▶ **Source information**
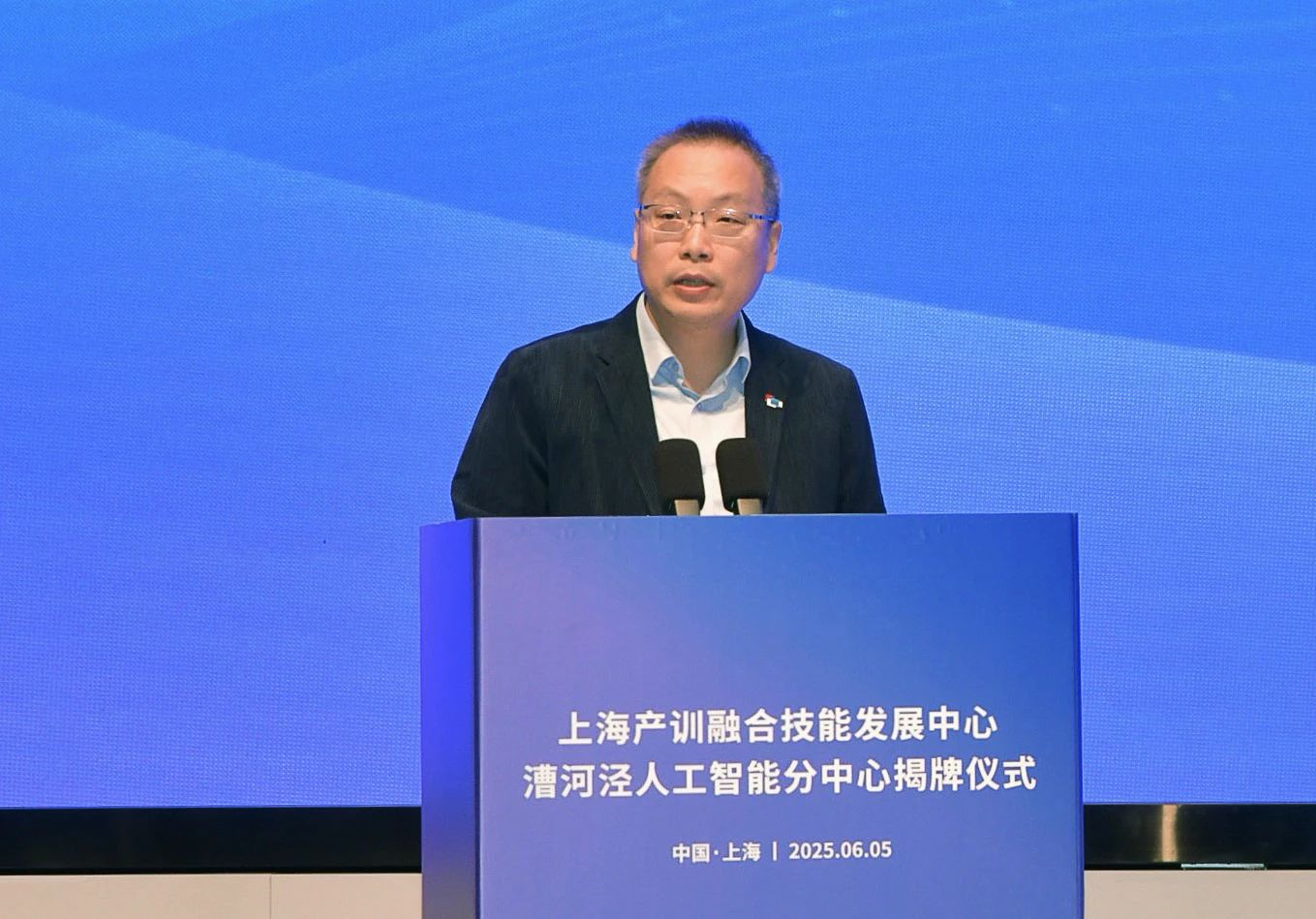 6月5日,上海产训融合技能发展中心漕河泾人工智能分中心揭牌仪式在漕河泾会议中心举行,上海市人力资源和社会保障局副局长谭友林、徐汇区副区长王志华出席活动并为漕河泾人工智能分中心揭牌。
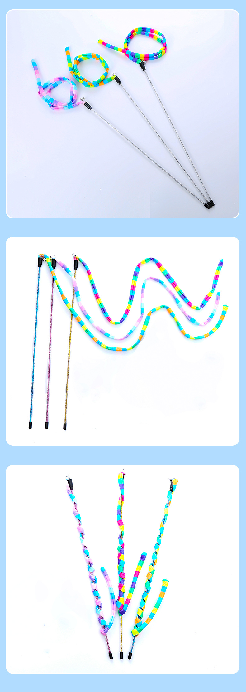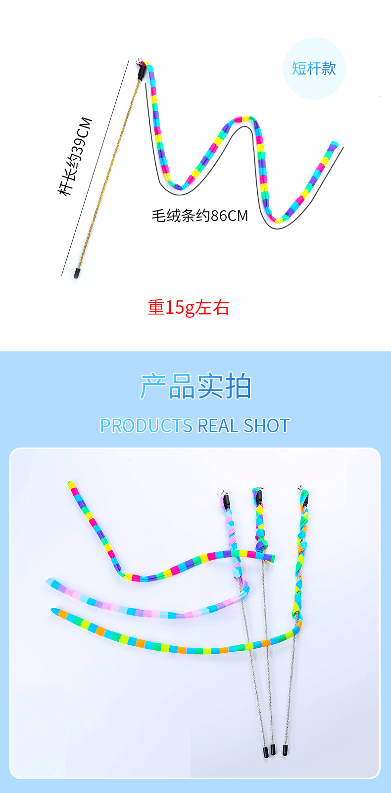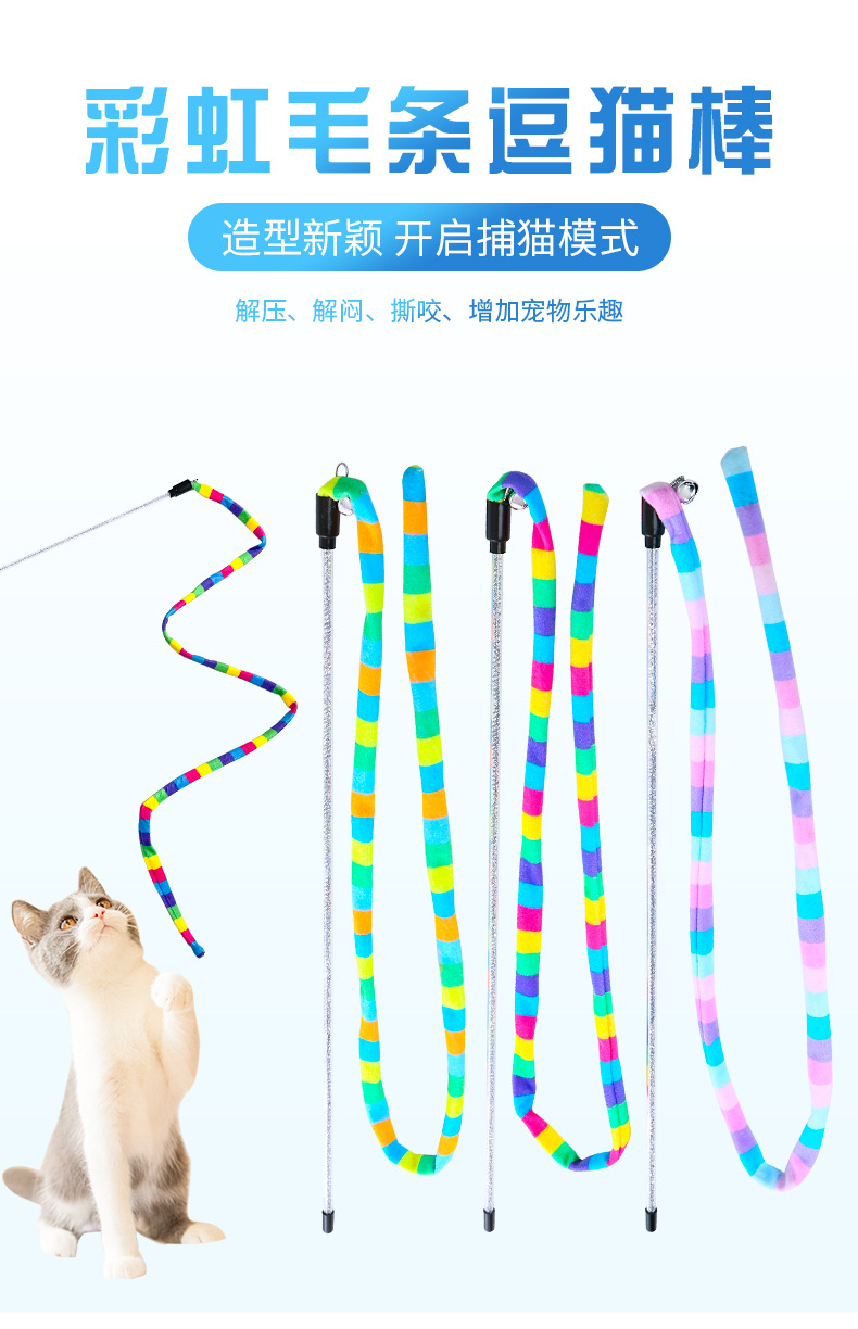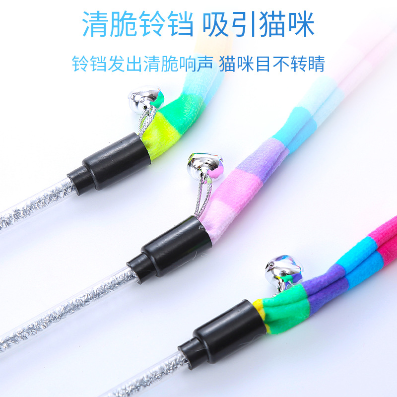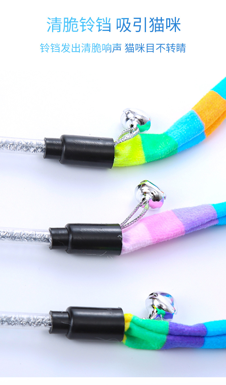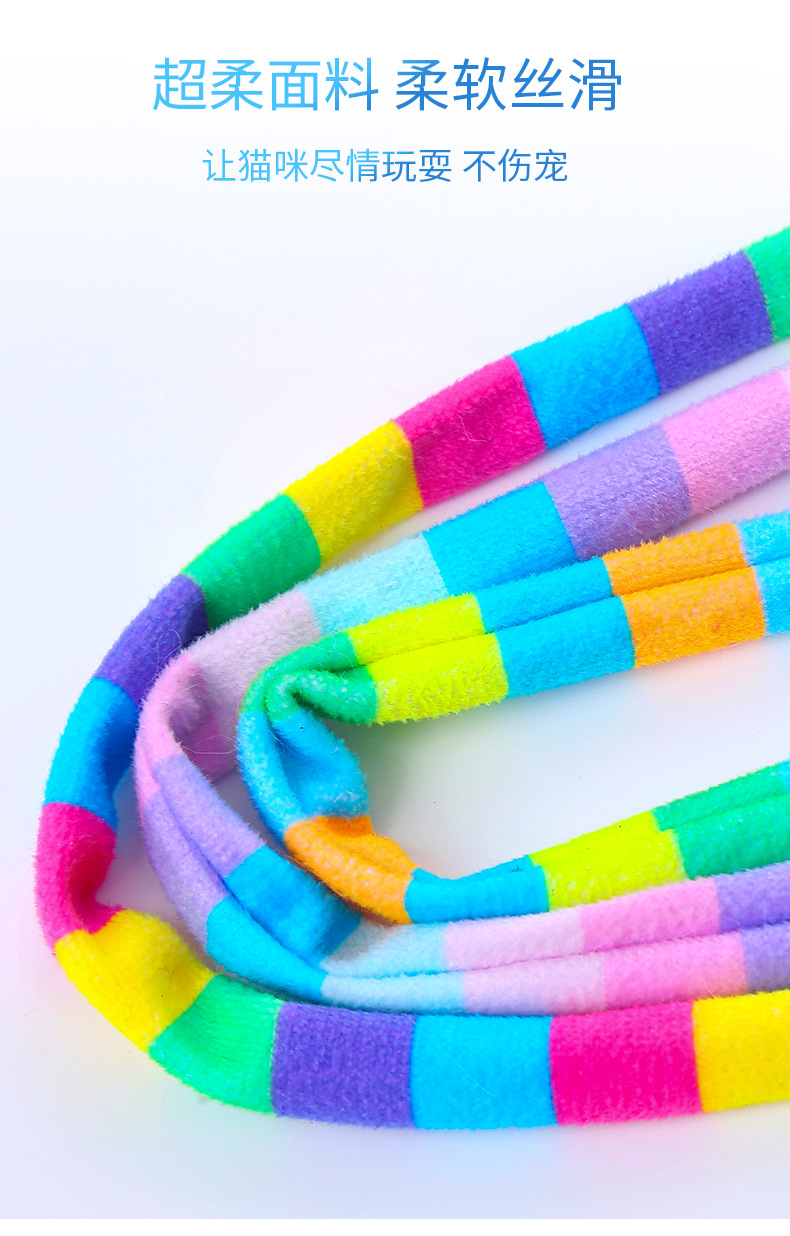 pet supplies toy macaron rainbow forest plush teaser with bell self-hi play toy 中文版
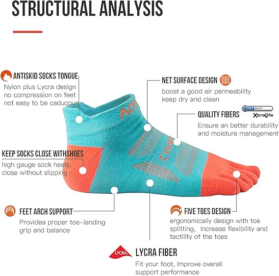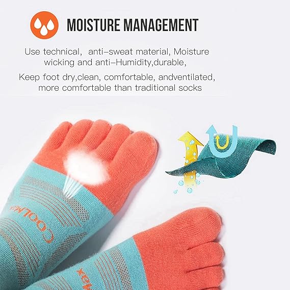 - COOLMAX MATERIAL: 34% Coolmax, 63% Nylon, 3% Lycra, five finger socks with moisture wicking,Keep your feet dry, clean and comfortable
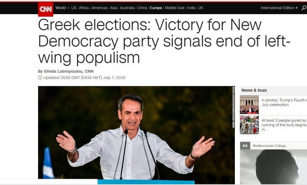 «Η νίκη της ΝΔ σηματοδοτεί το τέλος του αριστερού λαϊκισμού», είναι ο τίτλος ρεπορτάζ του CNN στο οποίο τονίζεται ότι για πρώτη φορά μετά από μια δεκαετία οικονομικής κρίσης κατά την οποία κυβέρνηση εύθραυστες κυβερνήσεις. Μάλιστα γίνεται λόγος για επιστροφή στην κανονικότητα μετά από χρόνια λαϊκισμού. Το εκλογικό αποτέλεσμα μεταφράζεται ως μια πλήρης ανατροπή της τύχης της χώρας «με την επιστροφή σε ένα κόμμα που αποτέλεσε πυλώνα του καθεστώτος περιόδου πριν την οικονομική κρίση. Στο ρεπορτάζ υπάρχουν αναλυτικές αναφορές στο βιογραφικό του κ.Μητσοτάκη, με έμφαση και στο γεγονός ότι είναι γόνος μιας πολιτικής δυναστείας. Επισημαίνεται πως είναι ένας «φιλελεύθερος μεταρρυθμιστής» αλλά επίσης επισημαίνεται πως προέρχεται από το πολιτικό κατεστημένο που βύθισε τη χώρα στην οικονομική κρίση.
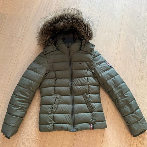 Kort og varm dunjakke. Fin grønnfarge og god størrelse. Hemper på siden som gjør at man kan tilpasse. Nypris 2000
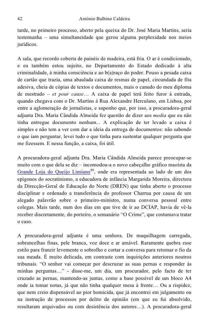 37. 37. 42 António Balbino Caldeira tarde, no primeiro processo, aberto pela queixa do Dr. José Maria Martins, seria testemunha – uma simultaneidade que gerou alguma perplexidade nos meios jurídicos. A sala, que recordo coberta de painéis de madeira, está fria. O ar é condicionado, e eu também estou sujeito, no Departamento do Estado dedicado à alta criminalidade, à minha consciência e ao b(a)raço do poder. Pouso a pesada caixa de cartão que trazia, uma abaulada caixa de resmas de papel, circundada de fita adesiva, cheia de cópias de textos e documentos, mais o canudo do meu diploma de mestrado – et pour cause… A caixa de papel terá feito furor à entrada, quando chegava com o Dr. Martins à Rua Alexandre Herculano, em Lisboa, por entre a aglomeração de jornalistas, e suponho que, por isso, a procuradora-geral adjunta Dra. Maria Cândida Almeida fez questão de dizer aos media que eu não tinha entregue documento nenhum... A explicação de ter levado a caixa é simples e não tem a ver com dar a ideia da entrega de documentos: não sabendo o que iam perguntar, levei tudo o que tinha para sustentar qualquer pergunta que me fizessem. E nessa função, a caixa, foi útil. A procuradora-geral adjunta Dra. Maria Cândida Almeida parece preocupar-se muito com o que dela se diz – incomodou-a o novo cabeçalho gráfico maoísta da Grande Loja do Queijo Limiano80, onde era representada ao lado de um dos epígonos do socratinismo, a educadora de infância Margarida Moreira, directora da Direcção-Geral de Educação do Norte (DREN) que tinha aberto o processo disciplinar e ordenado a transferência do professor Charrua por causa de um alegado palavrão sobre o primeiro-ministro, numa conversa pessoal entre colegas. Mais tarde, num dos dias em que tive de ir ao DCIAP, havia de vê-la receber discretamente, do porteiro, o semanário ―O Crime‖, que costumava tratar o caso. A procuradora-geral adjunta é uma senhora. De maquilhagem carregada, sobrancelhas finas, pele branca, voz doce e ar amável. Raramente quebra esse estilo para franzir levemente o sobrolho e cortar a conversa para retomar o fio da sua meada. É muito delicada, em contraste com inquirições anteriores noutros tribunais. ―O senhor vai começar por descruzar as suas pernas e responder às minhas perguntas…‖ - disse-me, um dia, um procurador, pelo facto de ter cruzado as pernas, mantendo-as juntas, como a base possível de um bloco A4 onde ia tomar notas, já que não tinha qualquer mesa à frente… Ou a rispidez, que nem creio dispensável ao pior homicida, que já encontrei em julgamento ou na instrução de processos por delito de opinião (em que eu fui absolvido, resultaram arquivados ou com desistência dos autores…). A procuradora-geral
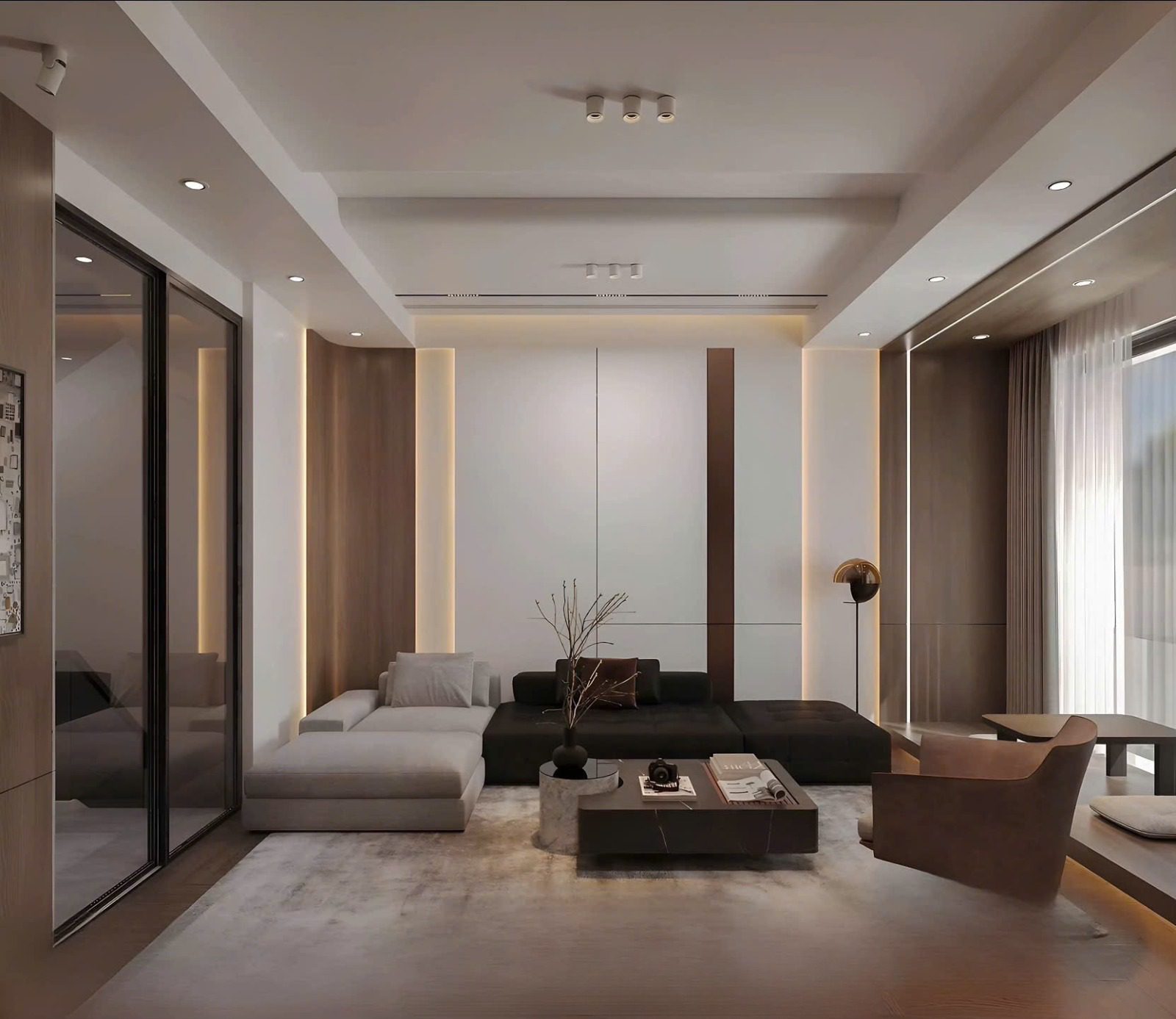 Bảng màu chủ đạo của công trình là trắng – xám – ghi đậm, kết hợp vật liệu gỗ nhựa ngoài trời và đá ốp, tạo nên một tổng thể sang trọng, tinh tế nhưng không phô trương.
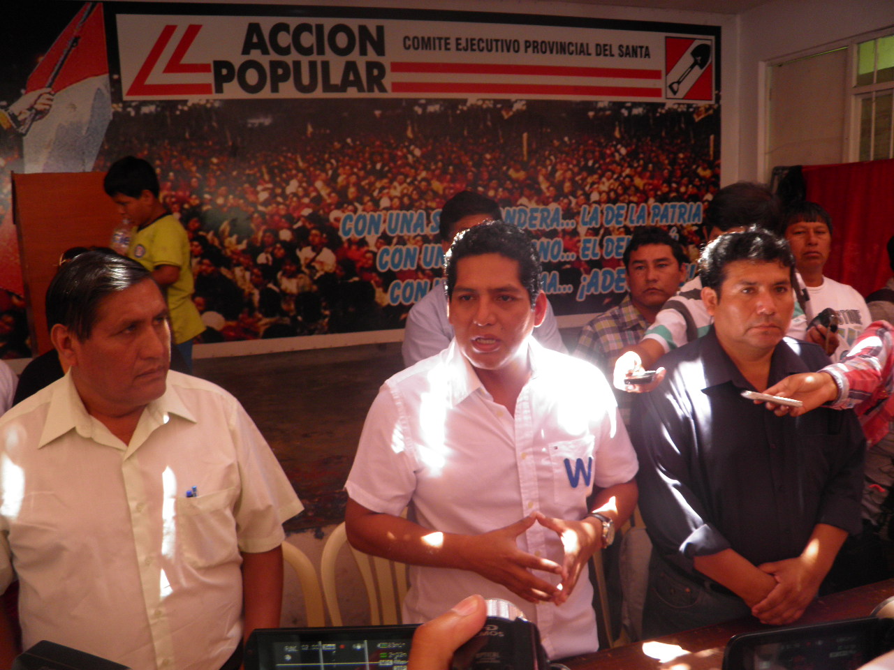 El enfrentamiento se registró en las afueras del local de Acción Popular en pleno centro de Chimbote, hasta donde los periodistas habían acudido tras una convocatoria para una conferencia de prensa de un sector del citado partido.
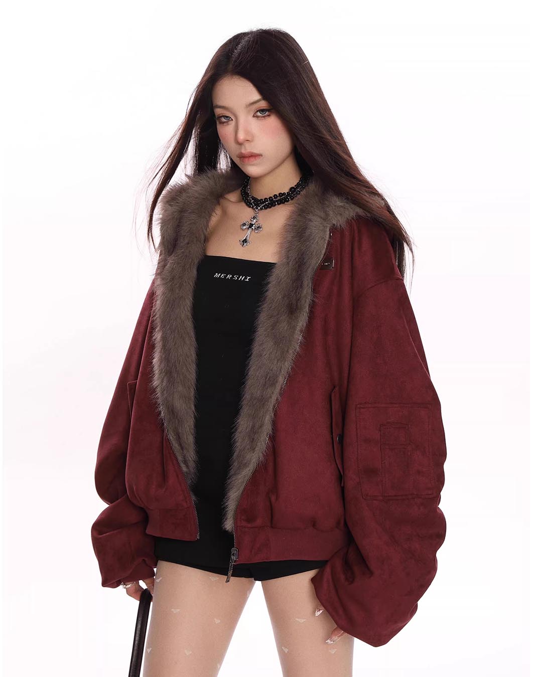 REVERSIBLE FAUX SUEDE JACKET - RED
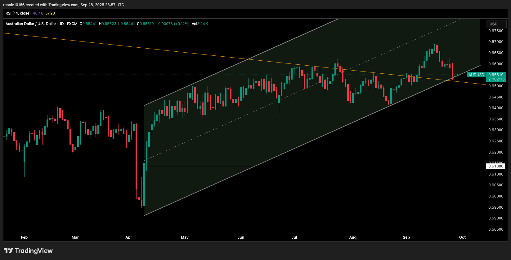 AUD/USD Update 29 September 2025Aussie back to supportIan ReynoldsSep 29, 2025∙ PaidShareAussie, unlike the Loonie, looking strong and back to the new trend support and the 15 year support.0.6710 is clearly the hurdle to get above, and below 0.6410 looks awful.So all eyes on the USD/DXY for direction.This post is for paid subscribersSubscribeAlready a paid subscriber? Sign inPreviousNext

▶ **Task to complete**
Beginning with the line above that contains "Bảng màu chủ" and ending with the line that contains "REVERSIBLE FAUX SUEDE JACKET - RED", quote each line exactly, keeping out the pictures.

▶ **Answer space**
 Bảng màu chủ đạo của công trình là trắng – xám – ghi đậm, kết hợp vật liệu gỗ nhựa ngoài trời và đá ốp, tạo nên một tổng thể sang trọng, tinh tế nhưng không phô trương.
 El enfrentamiento se registró en las afueras del local de Acción Popular en pleno centro de Chimbote, hasta donde los periodistas habían acudido tras una convocatoria para una conferencia de prensa de un sector del citado partido.
 REVERSIBLE FAUX SUEDE JACKET - RED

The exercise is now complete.